Software for batch process management in unix

open sourcescheduled-taskunix

I'm looking for a good open source solution to managing many batch jobs across a cluster
of machines. I've looked at the solutions indicated in this post but it doesn't really seem to be what I'm looking for, or perhaps the projects mentioned just have really poor documentation.

We have a good set of batch operations that need to happen on various schedules.
These batch operations sometimes have dependencies, as in logs are processed with batch job A, then batch jobs B and C can run on the resulting data. Resource utilization (balancing jobs amongst our batch machines) are probably not as much of an issue, all though would be a nice bonus.

Today we handle this with a combination of fcron and shell scripts. But of course it's rather difficult to keep track of what jobs are scheduled to run on what machines. It's also not always obvious when some job has hung (or is running much longer than expected) or even just fails out right.

This can't be a unique problem for us. In fact we had a home grown solution at a previous company, but was never open sourced. Does anyone have a good solution ?

Best Answer

There's numerous solutions you may want to take a look at:

Torque - This is a variation of the original PBS (Portable Batch Scheduler) code base. They call it a resource manager because technically it doesn't take care of scheduling jobs although it does include several schedulers. However, it will take care of managing and allocating your compute node CPU, memory, file, and other consumable resources. If you have anything more than very basic scheduling needs, you'll probably want to supplement it with the Maui Cluster Scheduler. I know most about this one because it's what we use. It can be a bit rough around the edges because it's mostly community developed, and most of the developers are sysadmins and not software engineers. There's a commercial product that spawned from the same PBS code base called PBS Professional which seems more mature and is available for a relatively modest fee.

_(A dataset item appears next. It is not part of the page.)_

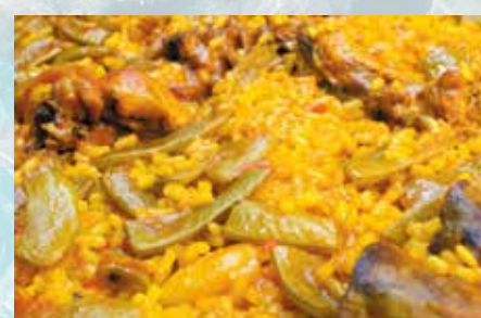
-Paella de pollo Chicken paella (mín. 2 pers.)

Sun Grid Engine - Similar to the PBS based systems, but written by Sun. The resource manager and scheduler are more integrated in this system and it offers a few different modes of operation and resource allocation. Despite being a Sun product, it apparently runs well on Linux and other operating systems, not just solaris.

Platform LSF - Is another popular commercial offering in the same space.

Condor - Another batch scheduling system more suited for high throughput, tons of short jobs.

SLURM - Is another open source offering. It's not quite as mature as the PBS based products, but it has a nicer architecture that's plugin based and is easy to install if you go with the CAOS NSA Linux distribution and the Perceus cluster manager. See this Linux Magazine article for an example of how easy it is to get up and running.

Which one of these you pick is largely a matter of preference and matching it up with your requirements. I would say that Torque and SGE have a slight bend to multi-user clusters in a scientific computing environment. Based on what I've seen of Altair's PBS Professional, it looks like it is far more suitable for a commercial environment and has a better suite of tools for developing product specific workflows. Same goes for LSF.

SLURM and Condor are probably the easiest to get up and running, and if your requirements are relatively modest, they may be the best fit. However, if you have needs for more complicated scheduling policies and many users submitting jobs to your systems, they may be lacking in that regard without being supplemented by an external scheduler.